Later we will return to Kepler’s views on plant morphology. Kepler always uses the notion of “instinct” in the passage, in the sense of “perceptive ability,” and he refers to the perception of quantitatively defined geometric shapes. Geometry is of the highest value to him. “Traces of geometry are imprinted in the world as if geometry was a prototype of the world” (6). “Geometric figures are eternal, geometric theorems are always true in God’s spirit. Consequently, quantities (quanta) serve as a prototype of the world. ” (7). “The human spirit is the image of the divine spirit and bears the imprint of the geometric ideas of its prototype from the moment people arose” (8).

Let us now cite two quotes from the already mentioned book IV, “Harmonies of the world”.

The mathematical conclusions, on the basis of which the material world must be built, are eternal, as God is eternal. God is soul and spirit in the highest sense of the word. Christians know that human souls are created in the image and likeness of God … “Mathematical conclusions” are inherent in the soul from creation “(” eius iuerat animae “) (9).

So we ask, how can one comprehend the essence of something that the spirit did not know and could not know if it were devoid of sensory perception of external things? The answer to this question was given in his philosophical works by Proclus. Now, if I’m not mistaken, we use the word “instinct” for this, because the human spirit and other souls are characterized by instinctive knowledge of quantities („quantitas”), although it cannot give them any meaning. The human spirit in itself knows what a straight or equal distance from a point is, and therefore can imagine what a circle is. But as soon as he can, he can even earlier seek evidence and, therefore, perform the function of the eye in contemplation (if he needs it) of the drawing. Of course, for the spirit, if it did not have an eye, it would take an eye to know external things, and the laws of the structure of the eye would be predetermined by the spirit and contained in it … because the inherent knowledge of the spirit inherent in the dictates what the eye should be. Consequently, the eye has become like a spirit, and not vice versa. One may ask, why so many words? Geometry exists from the creation of things, eternal, as the spirit of God is eternal. Geometry is God himself (for, what is in God, what is not God?) And serves as a prototype for the creation of the world. Along with the image of God, geometry entered people and was perceived by them not only through the eyes (10).
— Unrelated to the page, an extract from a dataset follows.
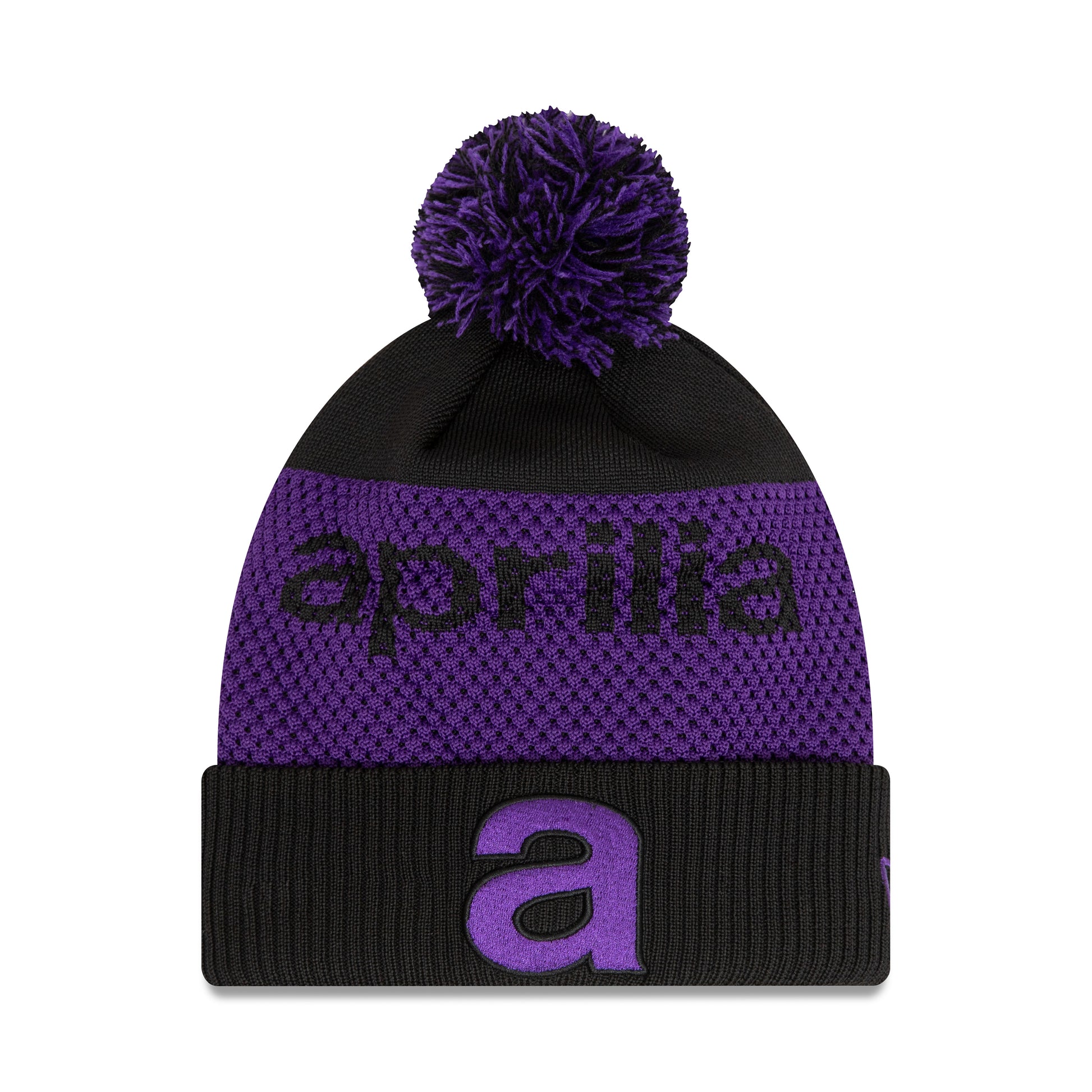 Aprilia Wordmark Pom Cuff Beanie Adults - Black/Purple

When Kepler in his letter says that, for example, the equality of the square of the side of the (regular) quadrangle to the half of the square of the diameter (of the circumscribed circle) “is eternal in the spirit of God,” we see in this statement the joy of one of the first discoverers of quantitative, mathematically formulated laws of nature . However, sharing the modern point of view, it should be noted that the axioms of Euclidean geometry are not the only ones possible. Earlier, I warned that judgments established by rational formulations can never be considered the only possible premises of the human mind. At the same time, in particular, I had in mind some of the provisions of Kant’s philosophy, which, in my opinion, are erroneous. Therefore, I propose to preserve in geometry a priori instinct-driven step that precedes the emergence of ideas and is characterized by visual images (for this reason I do not follow Kant, who translated the word “instinct” used by Kepler as “pure contemplation”). On the contrary, I completely share the opinion that a person has an instinctive, that is, unconnected with external experience, tendency to interpret his sensory perceptions in the spirit of Euclidean geometry. He needs to do some mental work in order to realize that the premises of Euclidean geometry are not the only possible ones. Kepler’s following general statement is in full accordance with modern views: “Perceived harmonies have something in common with archetypal harmonies, because they establish concepts and principles of comparison, that is, they determine spiritual activity. Such a comparison is the essence of those and other harmonies” (11).

4. Following Kepler, we will now go down one step in his hierarchically ordered picture of the world and move on to considering the idea of ​​God’s spirit in the material world. For Kepler, who was thinking in the spirit of the doctrine of the sign of things, celestial bodies orbiting the sun personified the perfectly spherical image of the trinity, although they were less perfect. The sun, located in the center and serving as a source of light, heat and, thus, life, was especially convenient as a symbol of the god-father. I will cite in this connection the following very characteristic passage from his book on optics.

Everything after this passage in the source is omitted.